There’s been a repeated refrain in my posts this summer: not-working, something I’ve been doing a lot of for the last two and a half months. I’ve been pondering this state of stasis for a while, trying to figure out what to make of it, and when I imagine myself moving forward again.

None of this is to say that I haven’t gotten anything done — I’ve been working quite hard on the anthology project, and there’s that little condo-buying thing — but I’ve made pretty much zero progress on anything that I would think of as “my work” this summer. It’s taken a huge quantity of mental energy simply not to get freaked out by that, to remember that I’m actually not required to stay on the treadmill now, that what work I accomplish from here on out has to be driven by my own desire to get the work done, and not by terror at the consequences of not-doing it.

I’ve been thinking about my anxiety level surrounding not-working more and more, as the summer draws to a close, and was just yesterday imagining a post that would take on the question of not-working, attempting to think through why we in the academy have the public image of working very little (“you’re only in the classroom six to ten hours a week; seems pretty easy to me”) while we in fact too often find it impossible to stop working, such that actually stopping work produces this kind of self-reflexive need to interrogate the reasons for the not-working. And then I read Liz’s post from yesterday, in which she briefly accounts for her own not-working:

This summer I’ve spent a lot of time on my emotional well-being (through the recovery process, and healing time with my family) and my physical well-being (through the resumption of regular exercise, and a return to anti-depressants). What’s suffered has been my intellectual well-being, as evidence by my lack of attention to blogging (my intellectual gym, really) and other scholarly activities. As the new school year approaches, it’s time to shake off the summer doldrums and shift my brain into a higher gear…hopefully without losing any of the ground I’ve gained in other areas of my life.

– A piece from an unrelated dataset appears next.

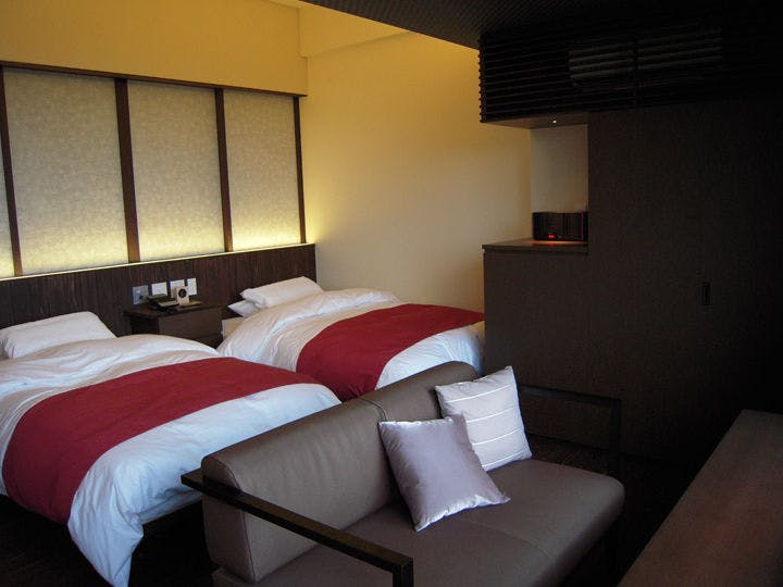 2010年6月にリニューアルされた客室です。間接照明であたたかい雰囲気をかもし出しています。※禁煙室※お子様のご利用がいただけませんシャワー・トイレ付

As I said in Liz’s comments, I’m in a very similar place, if for slightly different reasons. This past academic year was quite rough: my tenure review went very well, but it was still a tenure review; the spring semester around here was a personal and professional misery; the manuscript still lingers. I ended the term more than a little burned out, and that translated into a mild depression through much of the early summer, one that made work all but impossible. In attempting to recover, I found that I needed, more than anything else, to focus on my life this summer, not my work. And so I have, and I’m pleased to have done so.

But it’s hard not to feel the niggling worry, still, that I’ve wasted time, that I should, as always, have done more. I worry, too, that stasis can turn into paralysis — that having stopped, it’ll be hard to get started again.